Input for this task –
=======
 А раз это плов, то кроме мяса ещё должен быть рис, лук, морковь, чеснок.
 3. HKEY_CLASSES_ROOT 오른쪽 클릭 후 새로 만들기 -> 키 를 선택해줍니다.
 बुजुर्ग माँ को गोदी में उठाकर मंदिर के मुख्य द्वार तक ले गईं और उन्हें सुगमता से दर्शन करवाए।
=======
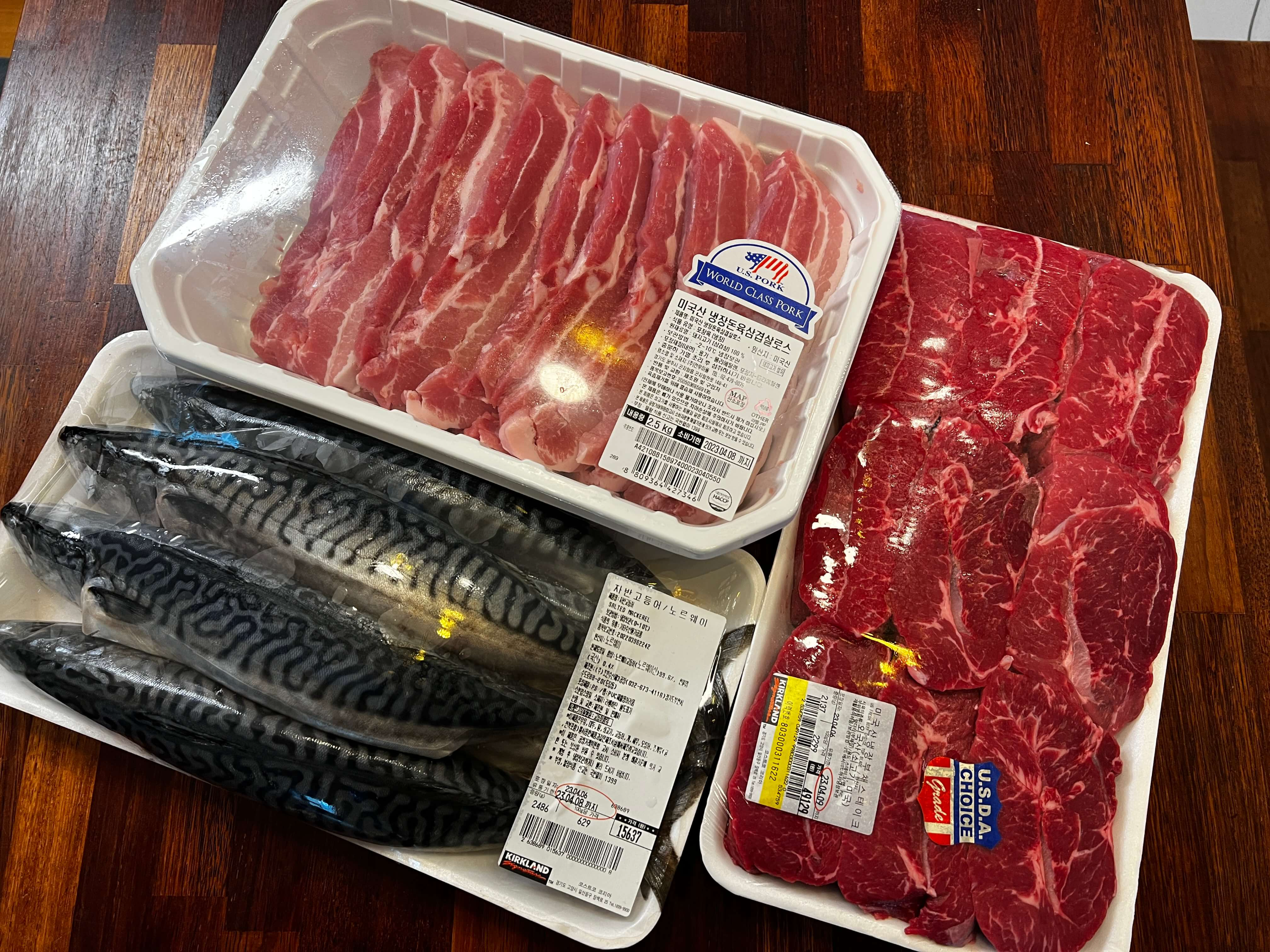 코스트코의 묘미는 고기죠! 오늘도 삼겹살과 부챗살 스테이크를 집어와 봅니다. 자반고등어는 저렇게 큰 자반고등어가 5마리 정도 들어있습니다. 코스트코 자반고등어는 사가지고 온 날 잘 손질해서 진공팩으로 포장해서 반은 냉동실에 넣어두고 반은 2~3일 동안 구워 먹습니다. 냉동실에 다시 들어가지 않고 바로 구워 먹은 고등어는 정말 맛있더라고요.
=======
Activity – Print the lines above from the one with "3. HKEY_CLASSES_ROOT 오른쪽" through the one with "बुजुर्ग माँ को", both included, exactly as written and nothing more.

Exercise result –
 3. HKEY_CLASSES_ROOT 오른쪽 클릭 후 새로 만들기 -> 키 를 선택해줍니다.
 बुजुर्ग माँ को गोदी में उठाकर मंदिर के मुख्य द्वार तक ले गईं और उन्हें सुगमता से दर्शन करवाए।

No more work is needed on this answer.